■ DATA
#####

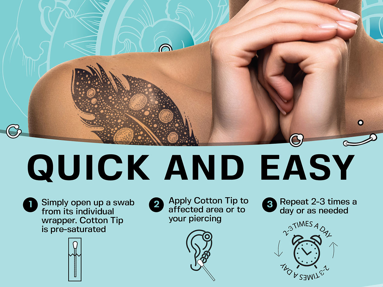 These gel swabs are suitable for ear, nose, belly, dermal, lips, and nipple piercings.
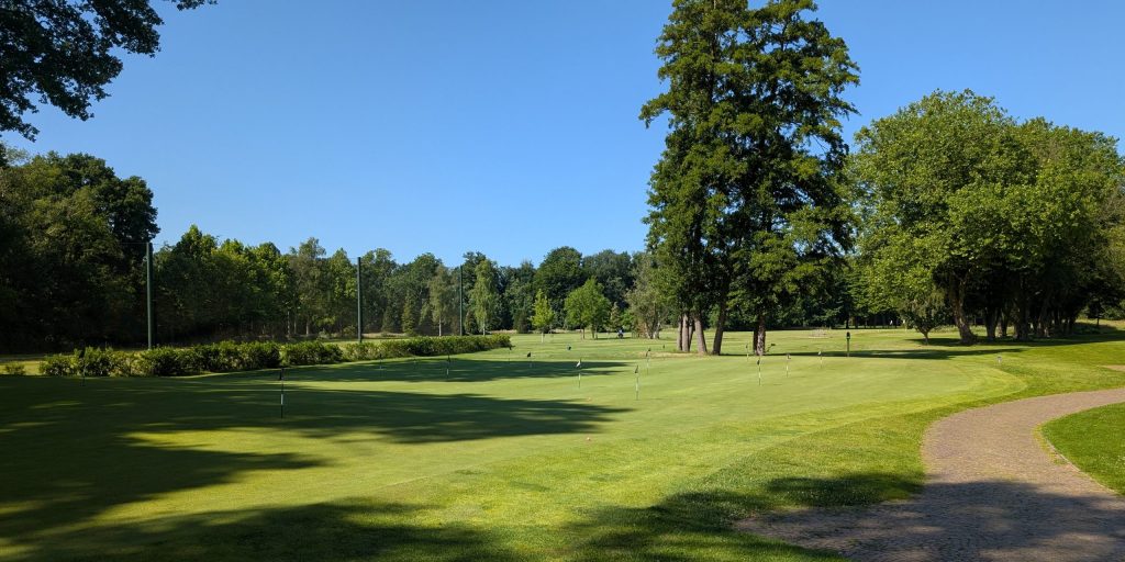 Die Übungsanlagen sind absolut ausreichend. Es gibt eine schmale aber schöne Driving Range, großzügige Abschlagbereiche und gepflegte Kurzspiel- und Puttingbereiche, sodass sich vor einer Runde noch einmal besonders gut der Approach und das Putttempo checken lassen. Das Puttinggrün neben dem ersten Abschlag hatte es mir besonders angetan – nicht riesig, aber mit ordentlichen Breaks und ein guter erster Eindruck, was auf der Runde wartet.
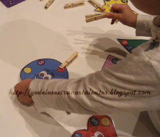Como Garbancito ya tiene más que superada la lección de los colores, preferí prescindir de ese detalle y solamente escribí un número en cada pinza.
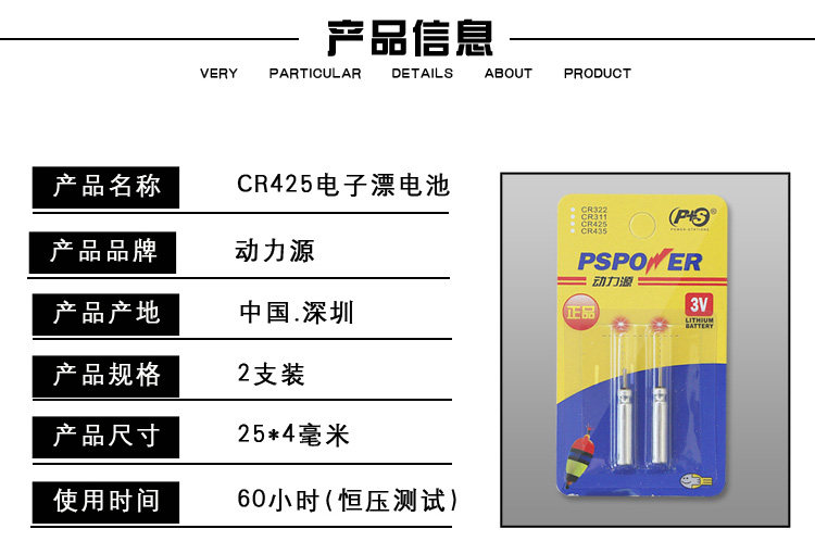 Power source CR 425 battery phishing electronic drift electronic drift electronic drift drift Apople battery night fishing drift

#####

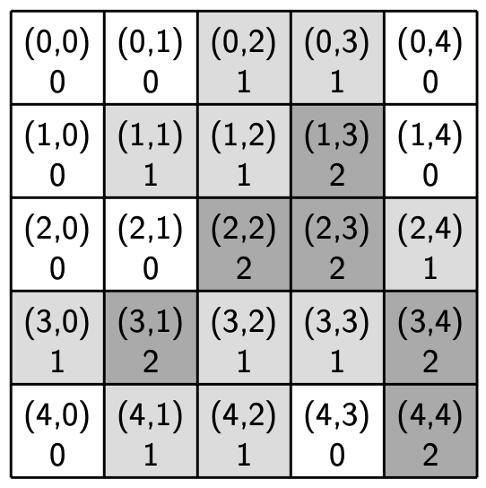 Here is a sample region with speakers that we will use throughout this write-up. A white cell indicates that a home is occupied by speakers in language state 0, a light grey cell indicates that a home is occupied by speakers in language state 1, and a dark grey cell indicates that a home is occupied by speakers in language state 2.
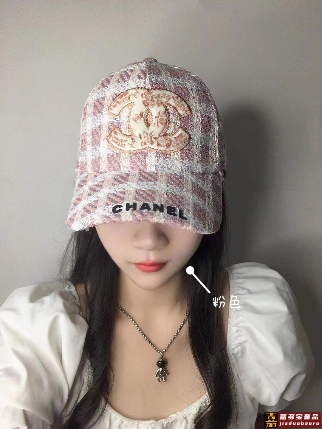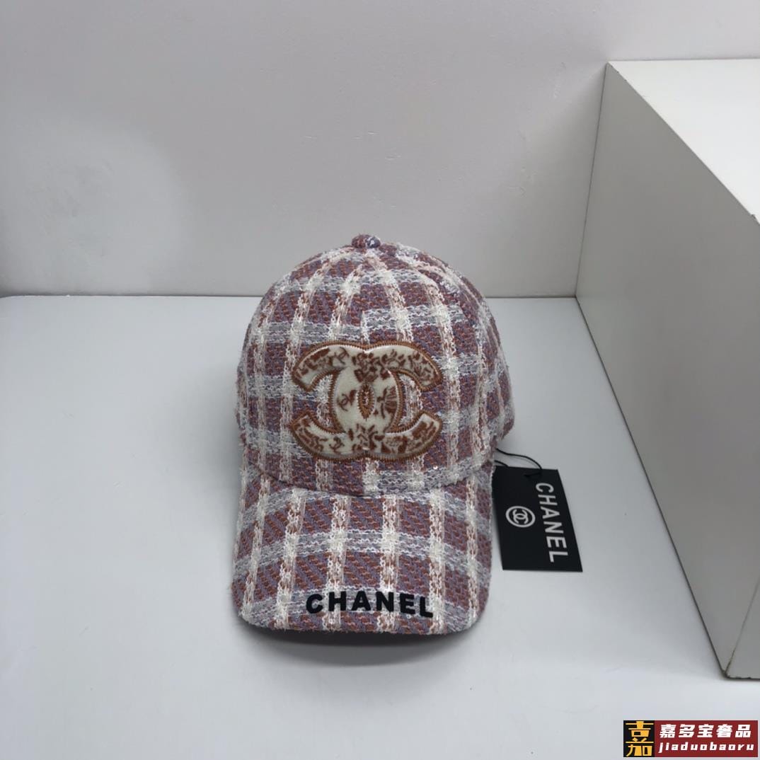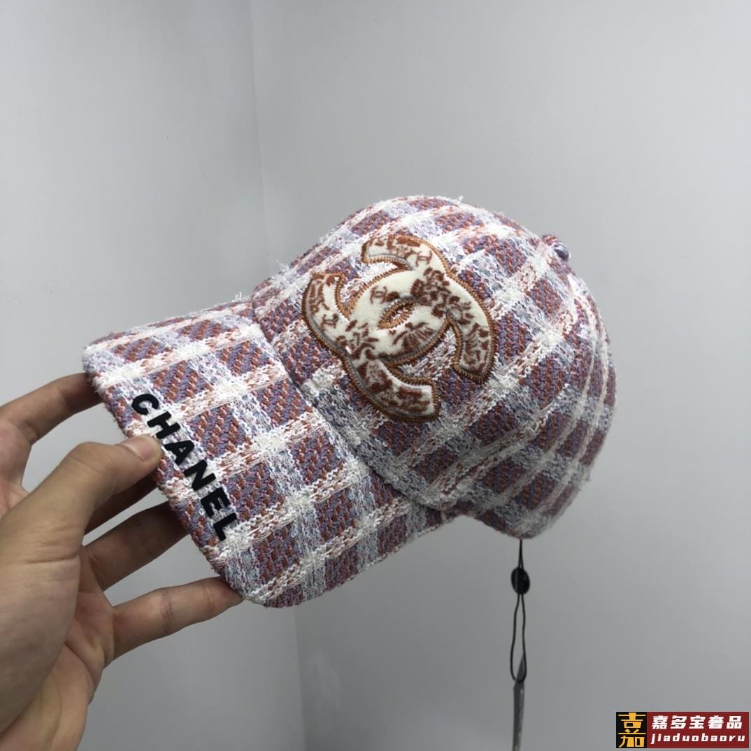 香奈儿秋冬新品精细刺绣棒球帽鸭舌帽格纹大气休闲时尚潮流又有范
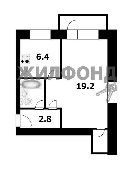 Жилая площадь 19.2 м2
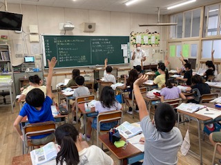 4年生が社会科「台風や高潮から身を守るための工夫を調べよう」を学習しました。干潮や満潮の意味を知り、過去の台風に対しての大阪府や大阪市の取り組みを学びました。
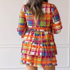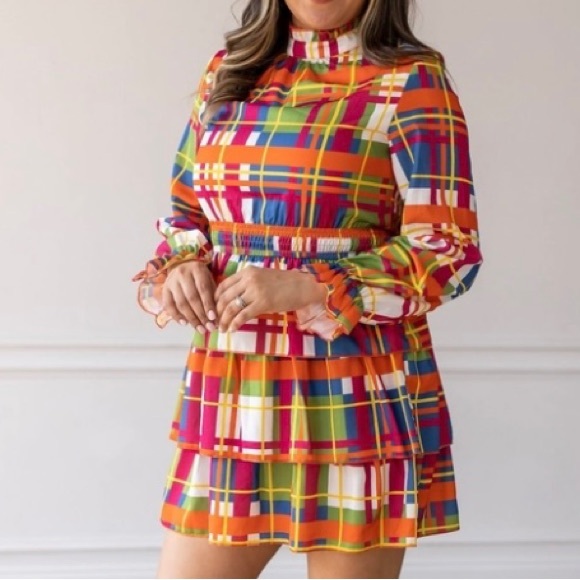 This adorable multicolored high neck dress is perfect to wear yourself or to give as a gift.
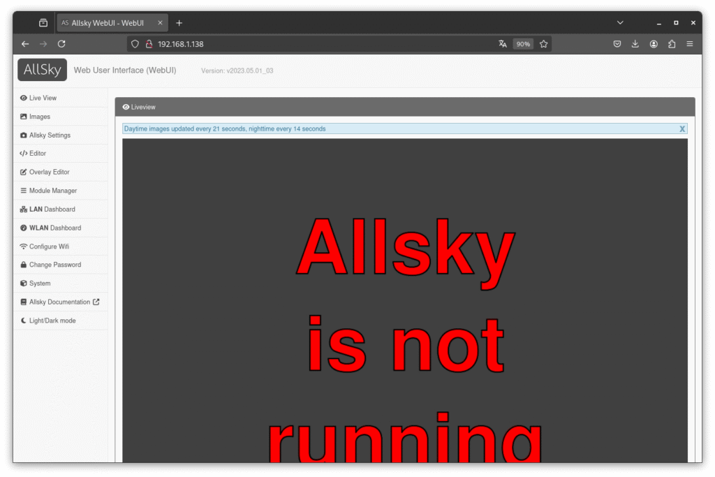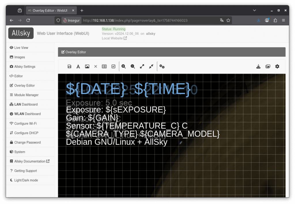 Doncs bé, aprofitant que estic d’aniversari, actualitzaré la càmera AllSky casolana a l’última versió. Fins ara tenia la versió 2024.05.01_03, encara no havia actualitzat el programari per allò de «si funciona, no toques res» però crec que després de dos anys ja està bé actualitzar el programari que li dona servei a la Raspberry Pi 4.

#####

■ TASK DETAILS
Print the part of the listing above that opens with the line containing "Die Übungsanlagen sind" and closes with the line containing "Power source CR". Copy it exactly, both ends included, and omit the pictures.

■ REPLY TO THE TASK
 Die Übungsanlagen sind absolut ausreichend. Es gibt eine schmale aber schöne Driving Range, großzügige Abschlagbereiche und gepflegte Kurzspiel- und Puttingbereiche, sodass sich vor einer Runde noch einmal besonders gut der Approach und das Putttempo checken lassen. Das Puttinggrün neben dem ersten Abschlag hatte es mir besonders angetan – nicht riesig, aber mit ordentlichen Breaks und ein guter erster Eindruck, was auf der Runde wartet.
Como Garbancito ya tiene más que superada la lección de los colores, preferí prescindir de ese detalle y solamente escribí un número en cada pinza.
 Power source CR 425 battery phishing electronic drift electronic drift electronic drift drift Apople battery night fishing drift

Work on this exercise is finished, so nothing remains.